* Problem to work on:
In this exercise, return the whole listing exactly, excluding any images.

:: Available data ::

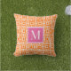 Preppy Square Lattice Monogram Hot Pink & Orange Kissen
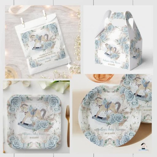 Personalize essas placas de papel que combinam de forma fácil e rápida, basta pressionar o botão personalizar para reorganizar e formatar o estilo e a colocação do texto. Apresentando um cavalo balançador branco de madeira vintage, rosas azuis bonito e capim de pampas de tons de terra. Excelente para chá de fraldas, novo bebê, festa de aniversário e mais ocasiões! Itens correspondentes disponíveis no repositório! c) O Feliz Cat Studio
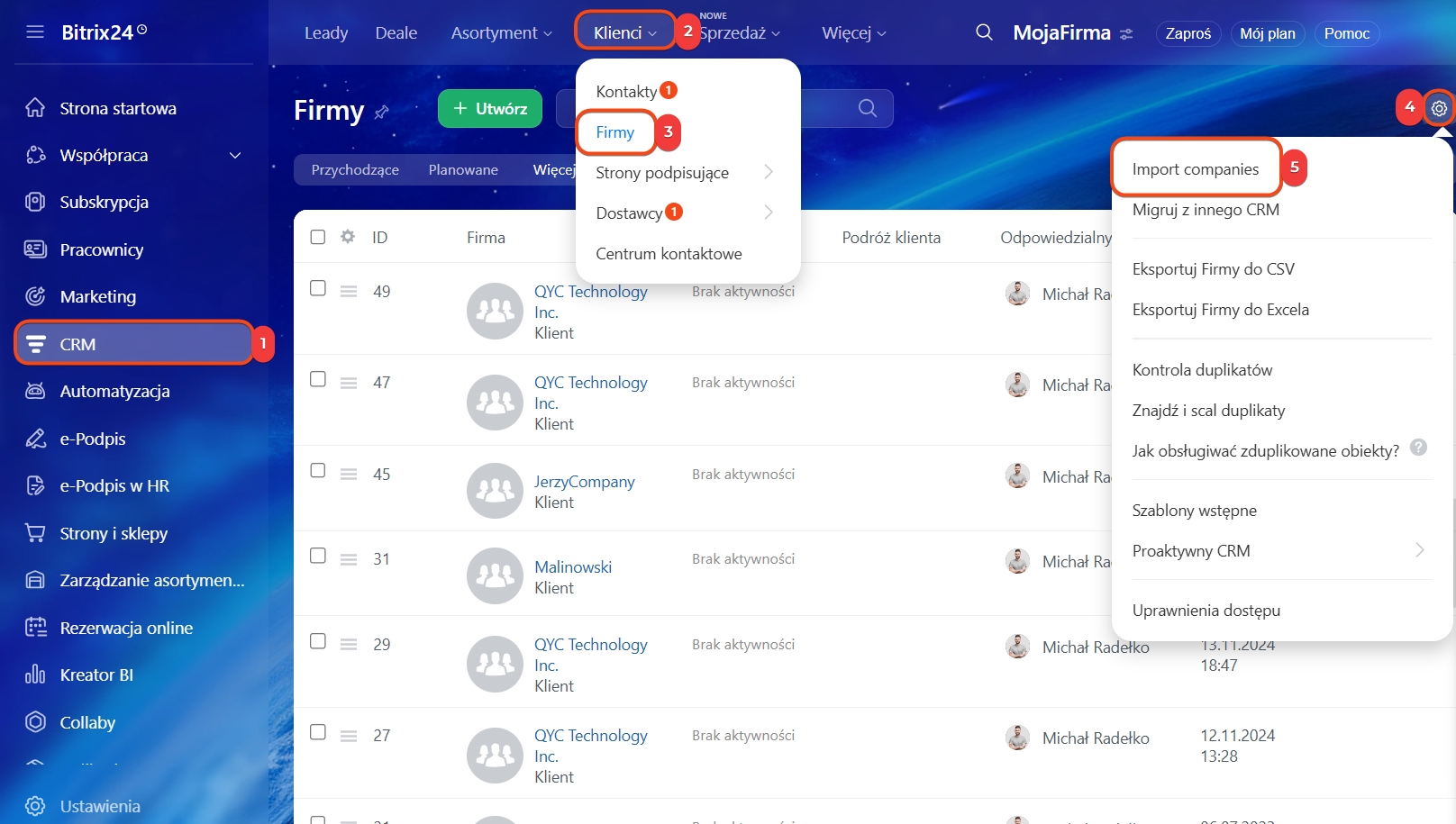 Import to proces wgrywania elementów CRM do Bitrix24. Dzięki niemu możesz:

:::

* Exercise answer:
 Preppy Square Lattice Monogram Hot Pink & Orange Kissen
 Personalize essas placas de papel que combinam de forma fácil e rápida, basta pressionar o botão personalizar para reorganizar e formatar o estilo e a colocação do texto. Apresentando um cavalo balançador branco de madeira vintage, rosas azuis bonito e capim de pampas de tons de terra. Excelente para chá de fraldas, novo bebê, festa de aniversário e mais ocasiões! Itens correspondentes disponíveis no repositório! c) O Feliz Cat Studio
 Import to proces wgrywania elementów CRM do Bitrix24. Dzięki niemu możesz:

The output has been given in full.